Während die Unternehmensberichtsaison voll ins Rollen kommt und Anlegern neue Impulse liefert, bleibt die Börsenstimmung nach wie vor durch Konjunktur- und Inflationsängste belastet. Die Probleme in den globalen Lieferketten trüben das Geschäftsumfeld der Unternehmen, wie die neusten Umfrageresultate des Ifo zeigten. In Washington kämpfen die Demokraten unterdessen für die Einführung einer US-Vermögenssteuer, um den Ausbau der sozialen Sicherung und die Bekämpfung des Klimawandels zu finanzieren. Ins Zentrum rücken nun auch die geldpolitischen Sitzungen der EZB und der Bank of Japan am Donnerstag.

Impulsgetriebenes Börsenumfeld

Europas Aktienmärkte kamen zum Wochenstart nicht richtig vom Fleck, belastet durch die anhaltenden Inflationssorgen und steigende Covid-19-Risiken. In New York setzten der Dow und der breite S&P 500 hingegen nach einem zunächst schwachen Start ihre Rekordjagd fort. Der Dow Jones Industrial schloss +0.18% höher bei 35'741.15 Punkten und der S&P 500 ging am Tagesende mit einem Plus von +0.5% bei 4'566.48 Zählern aus dem Rennen. Noch besser lief es an der Technologiebörse Nasdaq, wo die Indizes Tagesgewinne von rund einem Prozent verbuchten.

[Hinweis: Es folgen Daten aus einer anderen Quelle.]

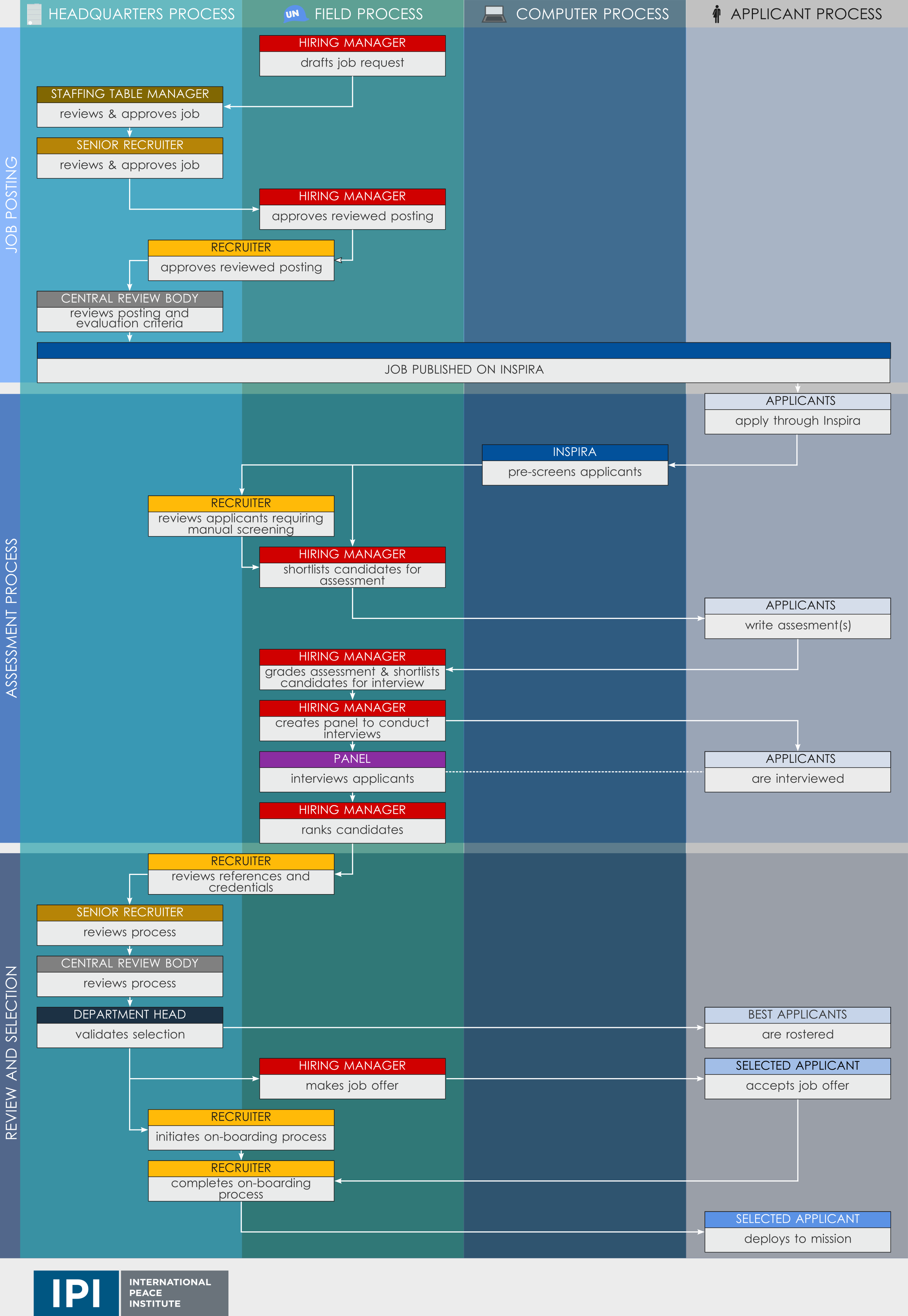 This Infographic shows the process, timeline and steps involved in the UN recruitment process. This image aims to portray the complexity of the process and highlight the lengthy timeline involved.
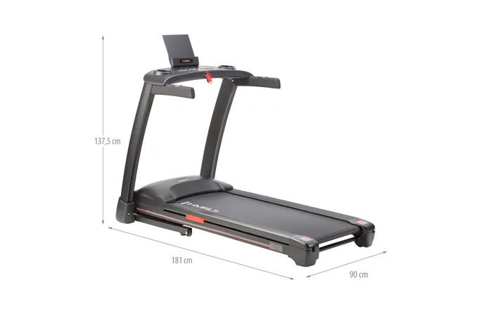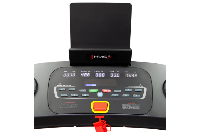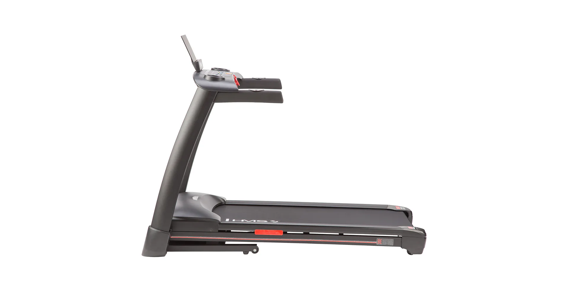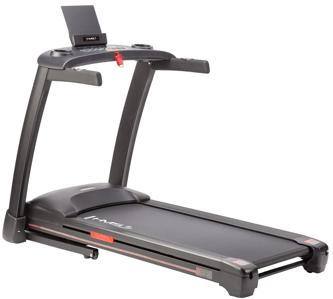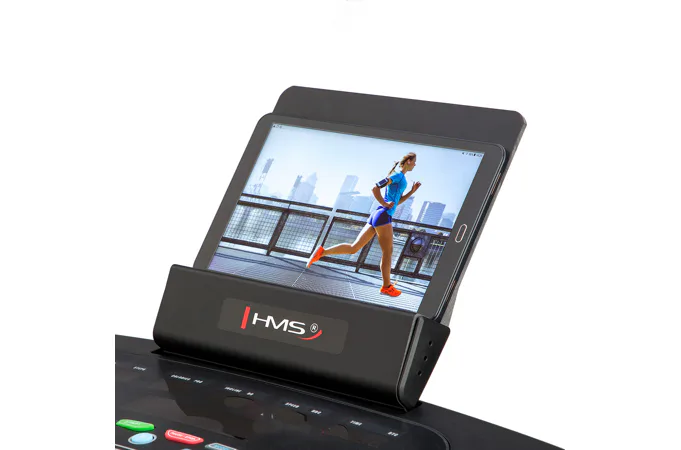 Trenažér HMS BE3200 je běžecký pás spadající do kategorie H a je tedy vhodný do domácího prostředí.Běžecká plocha o rozměrech 52 x 135 cm je umístěná na konstrukci, která je od hlavního rámu odpružená pomocí gumových silentbloků. Systém odpružení zajišťuje maximální pohodlí při tréninku a výrazně snižuje zatěžování kloubů.Rychlost běhu je plynule nastavitelná v rozsahu 1 - 16 km/h. Pás BE3200 je tak vhodný jak pro úplné začátečníky, tak i pro pokročilé běžce. Pro opravdu náročný trénink je trenažér vybaven elektronickou regulací náklonu v rozsahu 0 - 15° a lze jej plynule nastavit pomocí tlačítek na ovládacím panelu. Díky tomu, se můžeme věnovat maximálně tréninku a zároveň pohodlně nastavit úhel sklonu i rychlost běhu. Pás pohání DC motor o trvalém výkonu 2,5 HP.Ovládací konzole je vybavena 2 madly pro rychlý úchop s elektrodami pro snímání tepové frekvence, prostorem pro odložení láhve, stojánkem pro mobilní telefon nebo tablet, klávesnicí a displeje, které zobrazují jednotlivé hodnoty tréningu a průběh aktuálního programu.Klávesnice je vybavena tlačítky Start, Stop, Program, Mode a Enter. Dále se zde nachází ltačítka pro plynulou změnu rychlosti a skokovou změnu rychlosti na 3, 6 nebo 9 km/h a dále tlačítka pro plynulou změnu úhlu běžecké plochy a tlačítka pro skokovou změnu úhlu na 4, 8 nebo 12°.Počítač trenažéru BE3200 je vybaven LCD displeji, které zobrazují veškeré informace (čas tréninku, rychlost, úhel, vzdálenost, spálené kalorie, kroky a tepovou frekvenci). Pro trénink je k dispozici 18 programů a funkce pro měření fyzické kondice HRC. Řídící jednotka automaticky upravuje rychlost běhu a úhel plochy podle průběhu jednotlivých programů.

Facebook lieferte nach Börsenschluss ein solides Quartalsergebnis. Das Werbegeschäft des weltgrössten Online-Netzwerks lief auch in der Krise auf Hochtouren. Im Q3 stiegen die Anzeigenerlöse im Jahresvergleich um rund +30% auf USD 28.3 Milliarden. Während der Umsatz unter den Markterwartungen lag, übertraf Facebook die Gewinnprognosen. Mit Spannung werden im Laufe der Woche nun weitere Ergebnisse grosser Tech-Werte erwartet: heute von Microsoft, Twitter und Alphabet und im späteren Wochenverlauf von Apple und Amazon.

US-Demokraten wollen Steuerpläne vorlegen

Die Demokraten in Washington wollen bereits bis Ende dieser Woche ihr Fiskalpaket «Build Back Better Plan» vorlegen. US-Präsident Joe Biden scheint unterdessen bereit zu sein, auf eine Erhöhung der Körperschaftssteuer und auch auf höhere Einkommens- und Kapitalertragssteuersätze zur Gegenfinanzierung des billionenschweren Pakets zu verzichten. Die Steuerbelastungen für amerikanische Unternehmen könnte aber durch eine Anhebung der Abgaben auf Gewinne aus dem Ausland (GILTI), eine Mindeststeuer von 15% oder eine Abgabe auf Aktienrückkäufe trotzdem steigen.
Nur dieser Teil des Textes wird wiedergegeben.